130 jaar na Xerxes versloeg Alexander de Grote de Perzische koning Darius III in de slag van Guagamela, in een effectieve verovering van het Perzische Rijk. Toen Alexander een paar jaar later stierf, namen zijn vier commandant generaals het over en de beschrijving van de engel zal nu worden gericht op de nakomelingen van twee van hen. Die uit de familie van Seleucius welke "Koning van het noorden" zou worden genoemd, en die van Ptolemaeus als zijnde "Koning van het zuiden."
Omdat deze posities kunnen worden gecontroleerd in het historische verslag, en omdat de focus van deze studie op Daniël's eindtijd profetieën is, voeg ik alleen de namen van de centrale personages in en de datums van hun regering in de voorkomende gevallen, en een noot of twee als we ze langslopen. Dit geeft ons een hint over de ongelooflijke nauwkeurigheid van de profetieën in Daniel 11, en we bereiden ons voor op de verschuiving van wat nu geschiedenis is naar de eindtijdprofetie die in vers 36 begint. Alle jaartallen zijn natuurlijk voor Chr.
“Dan zal koning van het Zuiden (Ptolemaeus I Soter, 323-285) sterk worden, maar een van zijn vorsten (Seleucus I Nicator, 311-280) zal sterker worden dan hij en heersen. Zijn heerschappij (Babylon) zal een grote heerschappij zijn.

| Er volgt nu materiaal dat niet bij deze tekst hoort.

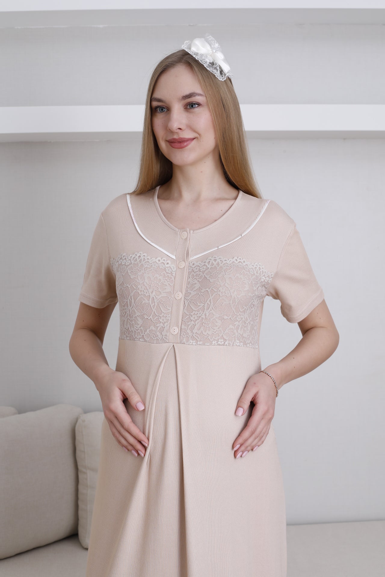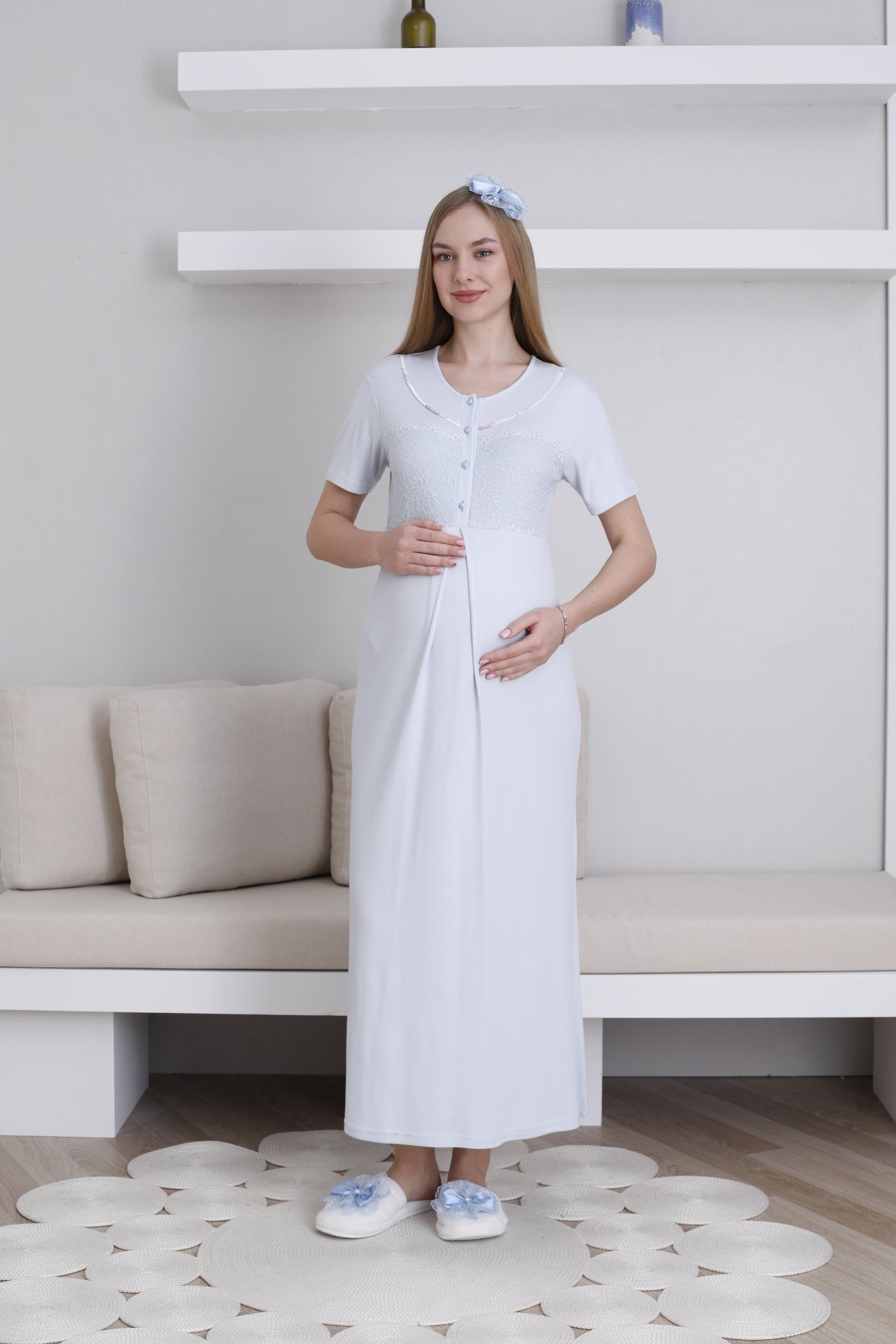 • Emzirme Kolaylığı: Önden düğmeli gecelik tasarımı, yeni anneler için pratik bir kullanım sunar.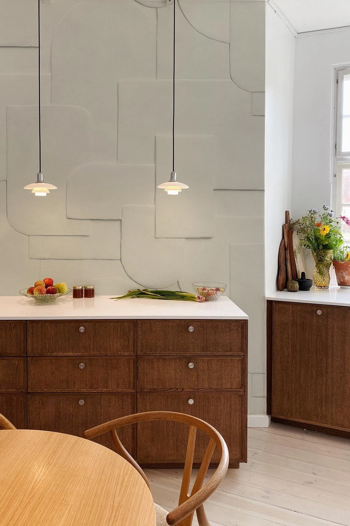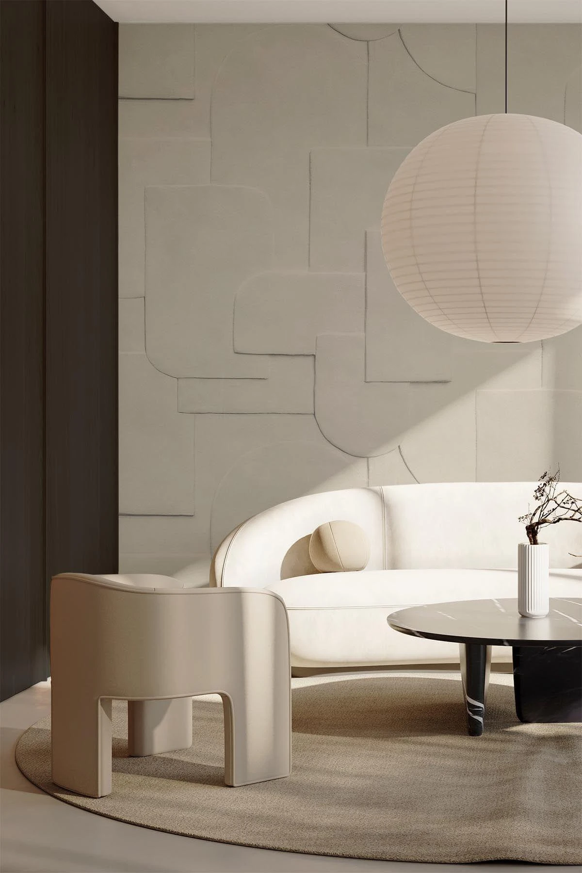 This beige wall mural is created by hand from layers of clay in various shapes and depths, creating the perfect 3D illusion. The pattern brings out the geometrical asymmetry and truly embraces the wabi sabi point of view and accepts the beauty that is found in the imperfection. This Japandi inspired clay art with a focus on aesthetics and simplicity is a true timeless wall mural. Note: This is wallpaper with a visual 3D look printed on flat non woven paper.

Na verloop van jaren zullen ze een verbintenis met elkaar aangaan. De dochter van de koning van het Zuiden (Berenice, dochter van Ptolemaeus II Philadelphus, 285-246) zal naar de koning (Antiochus II Theos, 261-246) van het Noorden komen om een verbond aan te gaan. Zij zal echter geen kracht in haar arm meer over hebben, en ook hij zal niet standhouden, evenmin zijn arm. Zíj zal overgeleverd worden, evenals zij die haar gebracht hebben, hij die haar verwekt heeft en hij die haar in die tijden versterkt heeft.” (Antiochus verliet zijn vrouw Laodice voor Berenice, maar Laodice heeft samengespannen, zodat Antiochus, Berenice en haar vader Ptolemaeus II werden gedood. De stad Laodicea in Openbaring 3 is naar haar genoemd.) (Daniël 11:5-6)
“Maar uit de loot van haar wortels zal er iemand in zijn plaats aan de macht komen.(Berenice haar broer Ptolemaeus III Euergetes, 246-221. Hij doodde Laodice om zijn zus en vader te wreken.) Hij zal met het leger komen en de vesting van de koning van het Noorden (Seleucus II Callinicus, 246-226) binnentrekken, tegen hen optreden en hen onderwerpen. Ook zal hij hun goden met hun godenbeelden en met hun kostbare voorwerpen van zilver en goud als buit naar Egypte brengen, en zelf zal hij enige jaren standhouden tegen de koning van het Noorden. Zo zal de koning van het Zuiden in het koninkrijk komen en hij zal weer naar zijn eigen land terugkeren. Dan zullen zijn zonen (Seleucus III Ceranus, 226-223 en Antiochus III, genoemd de geweldige, 223-187) zich in de strijd mengen en een menigte grote legers verzamelen. Een van hen zal snel komen, het land overspoelen, doorkruisen en terugkomen, zich in de strijd mengen en tot zijn vesting doordringen.” (Daniel 11:7-10)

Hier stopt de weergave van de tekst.